[Extracted data entries]
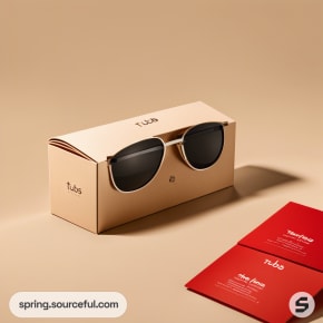 Beige cardboard box with black sunglasses graphic, containing sunglasses.
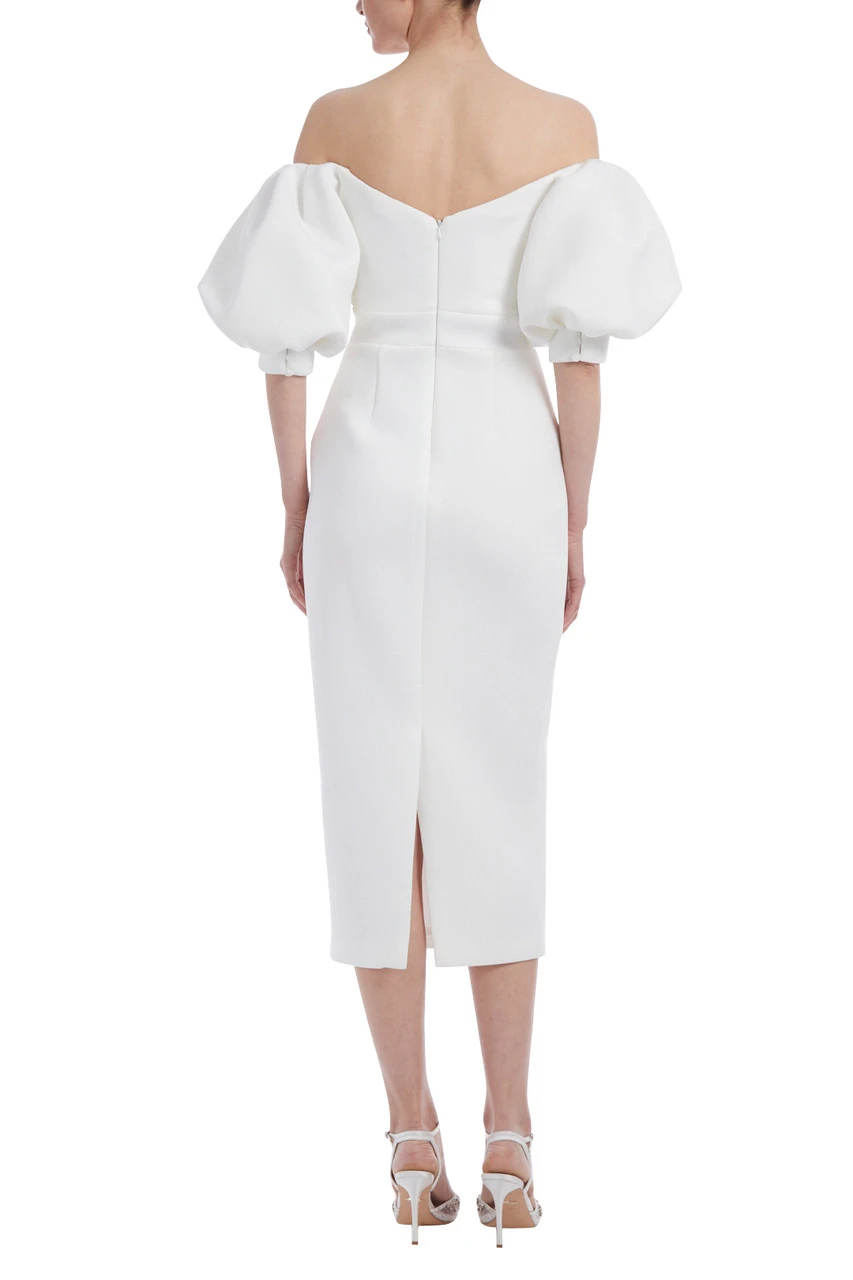 This dress is the perfect combination of classic and modern style. The strapless sheath silhouette is timeless, but the puffy off-the-shoulder sleeves add a playful twist. You’ll love the way this dress makes you feel—alluring, confident, and ready to take on whatever life throws at you!
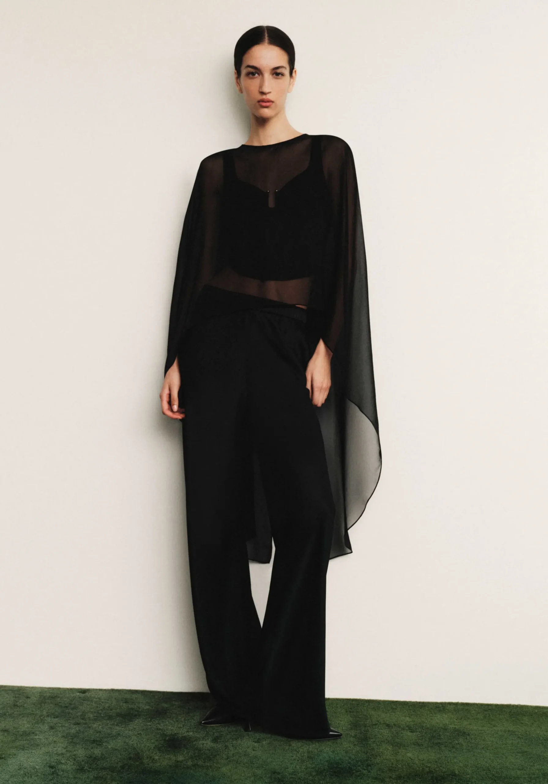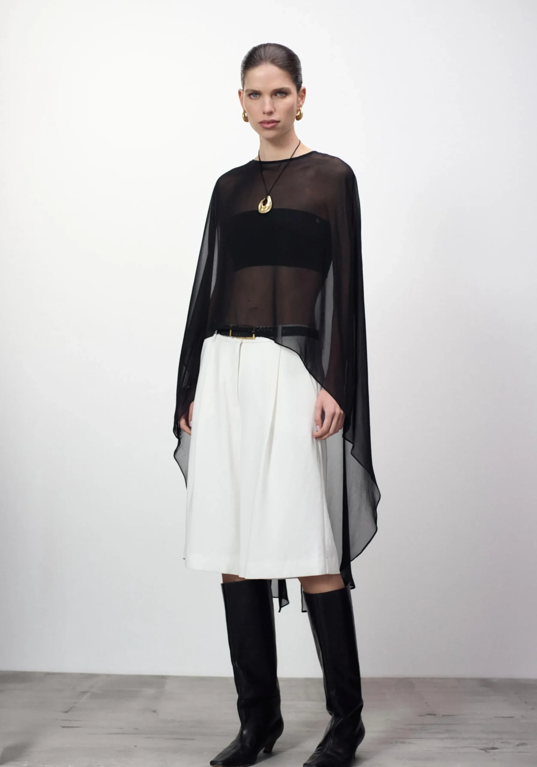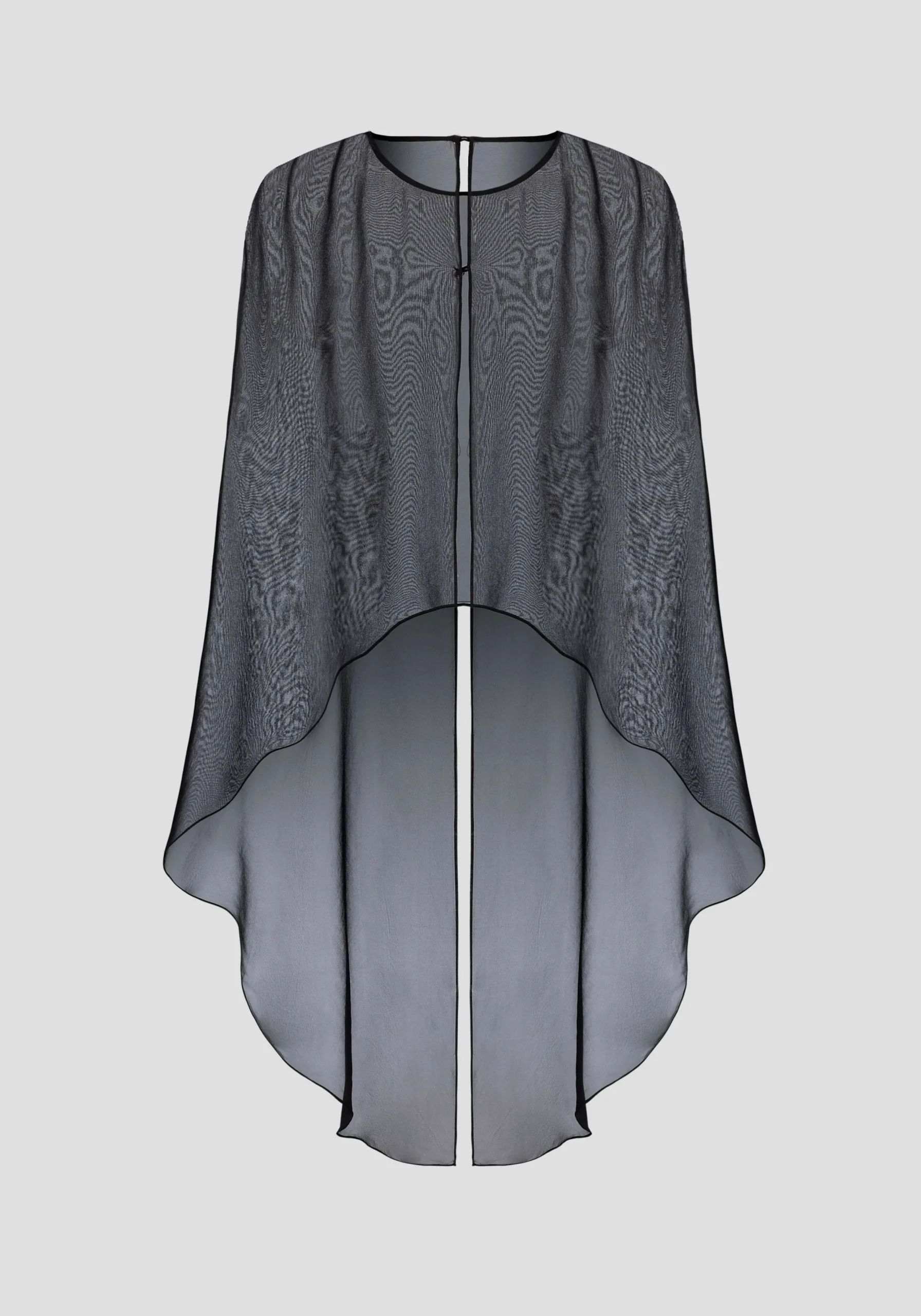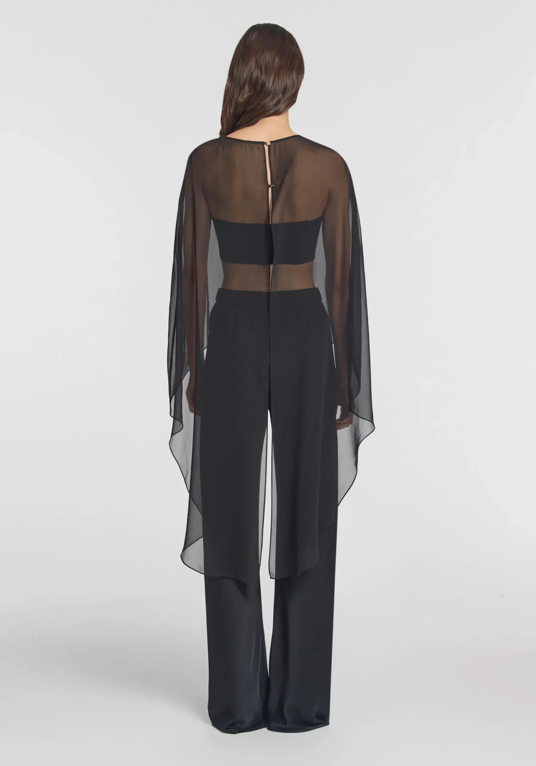 Exude ethereal femininity in the Holliday Cape Top, crafted from black silk georgette. Falling longer at the back with a soft waterfall drape, it captures the essence of fluidity in luxurious sheer detailing. Pair with V&W Foundation undergarments for effortless wear.MADE IN AUSTRALIA
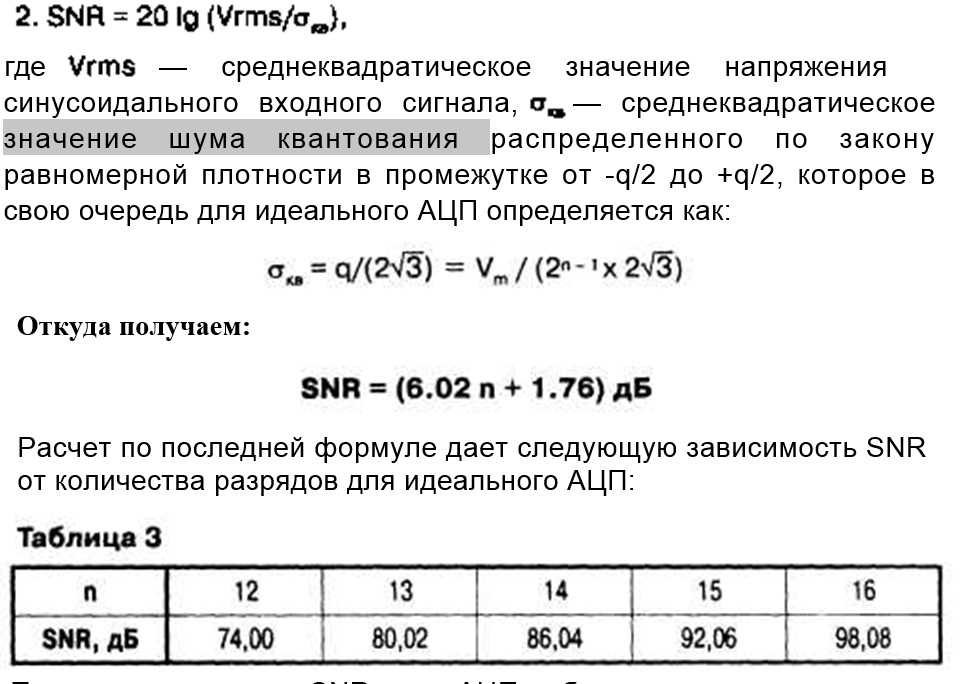 Зная теоретически (предельный) SNR для идеального N разрядного АЦП можно выразить уровень шума квантования.
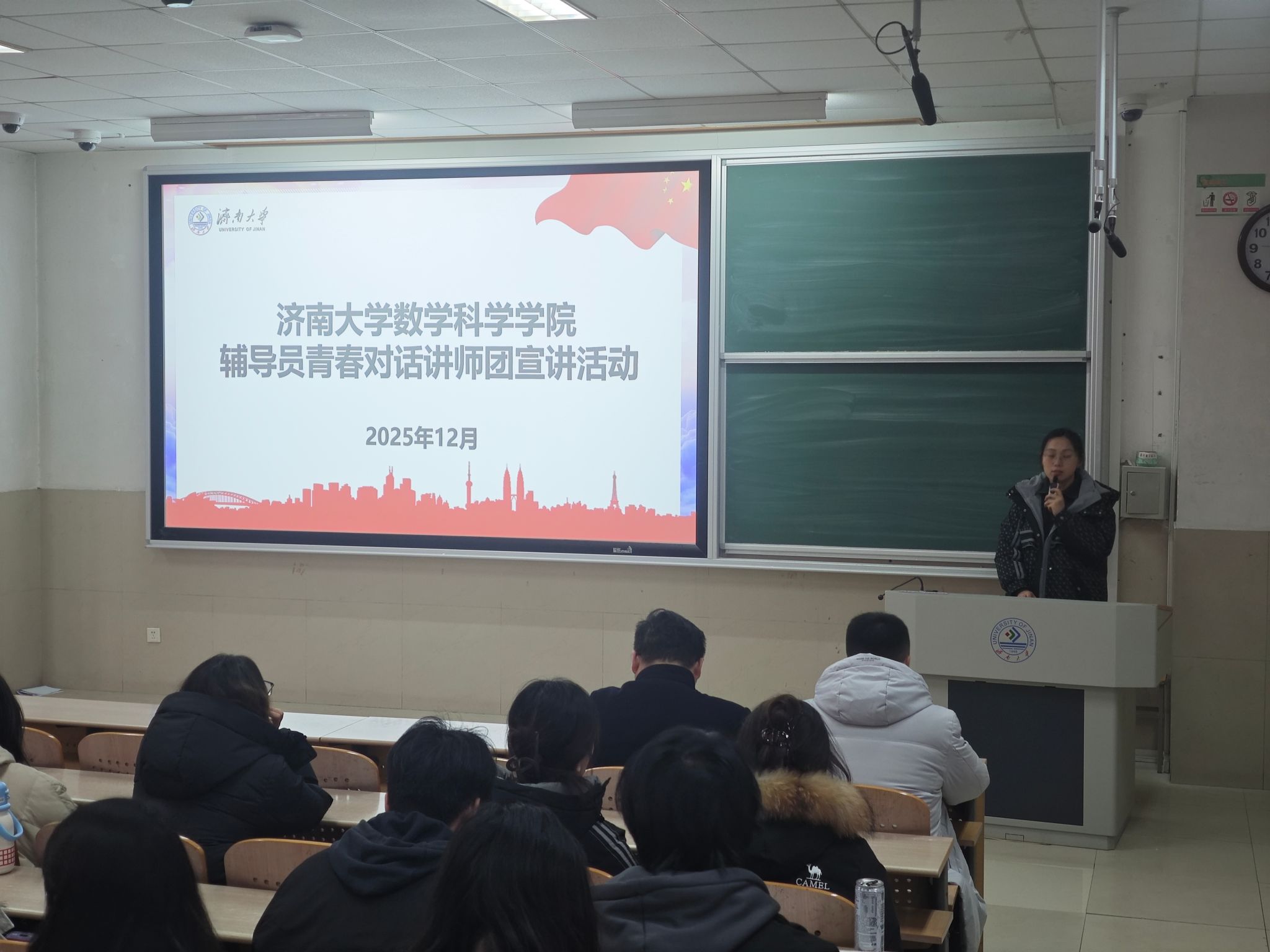 为深入学习贯彻党的二十届四中全会精神,凝聚青年共识、激发青春担当,12月23日下午,英国365集团官网党的二十届四中全会专题宣讲活动在第十一教学楼6202室顺利开展。学院党委副书记、副院长张沂红出席活动,音乐学院学生工作办公室主任王栋、材料学院辅导员王润、英国365集团官网学生工作办公室主任房琳琳、济南大学第九届“济大繁星”获得者葛美琪应邀进行宣讲。各年级学生党员及主要学生干部参加学习活动。

● EXERCISE OBJECTIVE
When you copy the records above, keep every word exact but leave out the pictures.

● SOLUTION TO THIS PROBLEM
 Beige cardboard box with black sunglasses graphic, containing sunglasses.
 This dress is the perfect combination of classic and modern style. The strapless sheath silhouette is timeless, but the puffy off-the-shoulder sleeves add a playful twist. You’ll love the way this dress makes you feel—alluring, confident, and ready to take on whatever life throws at you!
 Exude ethereal femininity in the Holliday Cape Top, crafted from black silk georgette. Falling longer at the back with a soft waterfall drape, it captures the essence of fluidity in luxurious sheer detailing. Pair with V&W Foundation undergarments for effortless wear.MADE IN AUSTRALIA
 Зная теоретически (предельный) SNR для идеального N разрядного АЦП можно выразить уровень шума квантования.
 为深入学习贯彻党的二十届四中全会精神,凝聚青年共识、激发青春担当,12月23日下午,英国365集团官网党的二十届四中全会专题宣讲活动在第十一教学楼6202室顺利开展。学院党委副书记、副院长张沂红出席活动,音乐学院学生工作办公室主任王栋、材料学院辅导员王润、英国365集团官网学生工作办公室主任房琳琳、济南大学第九届“济大繁星”获得者葛美琪应邀进行宣讲。各年级学生党员及主要学生干部参加学习活动。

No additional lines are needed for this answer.